United sues FDA to try to block rival’s drug application

United sues FDA to try to block rival’s drug application

In an unusual move, United Therapeutics has filed a lawsuit against the FDA that claims the regulator is sidestepping established norms in allowing rival Liquidia to file for approval of a competitor to its Tyvaso product.

The suit claims that the FDA “mistakenly permitted Liquidia […] to skirt longstanding FDA rules, precedents, and procedures on how pending drug approval applications are handled by the agency.”

The complaint revolves around the attempt by Liquidia to add pulmonary hypertension associated with interstitial lung disease (PH-ILD) to the label of Yutrepia, a dry powder inhaler (DPI) formulation of prostacyclin analogue treprostinil, as an amendment to the product’s earlier new drug application (NDA) for pulmonary arterial hypertension (PAH).

United’s Tyvaso – also based on treprostinil and available in DPI and nebuliser formulations – has been approved to treat PH-ILD since 2021 and has also been cleared since 2009 to treat PAH. The DPI version is the company’s top-selling product with sales of $731 million last year, almost a third of total revenues, so, there is a lot at stake for United.
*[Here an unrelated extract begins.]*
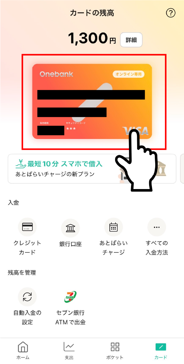 さっき作ったカードに1000円を入れていきましょう。あと少しです!

Yutrepia received a tentative approval from the FDA in 2021 for PAH, but has been unable to launch due to a patent infringement lawsuit filed by United. Under the long-established Hatch-Waxman Act, that triggers a stay on full approval by the FDA for 30 months or until the litigation is resolved.

United’s position is that, by allowing Liquidia to file for PH-ILD as an amendment, rather than a new NDA last July, Liquidia has been able to dodge the 30-month stay process for the second indication that would kick in with pending patent litigation.

The FDA had been due to deliver its verdict on PAH last month, but delayed that to deal with the amendment and has not issued a new deadline.

In allowing the amendment route, the FDA has ignored “the proper review and approval of new drug applications in a fair, equitable manner consistent with the FDA’s prior practices with which industry has complied for decades,” according to the complaint.

United claims that, before 2021, every clinical trial of drugs approved for the treatment of PAH that were studied for the treatment of PH-ILD failed, and some approved therapies worsened symptoms.

Tyvaso was the first approved therapy for PH-ILD, showing efficacy in the INCREASE clinical trial that United ran at “considerable expense,” and Liquidia is now piggy-backing on that effort, according to the company.

“We are simply asking that the FDA apply its own rules and precedents consistently to honour the Hatch-Waxman balance struck by Congress between innovators and imitators,” said United’s head of global regulatory affairs, Dean Bunce.

“Liquidia can rely on United Therapeutics’ innovation to speed its path to market, but the cost of that shortcut is that Liquidia must address the infringement claim against it before rushing to market,” he added.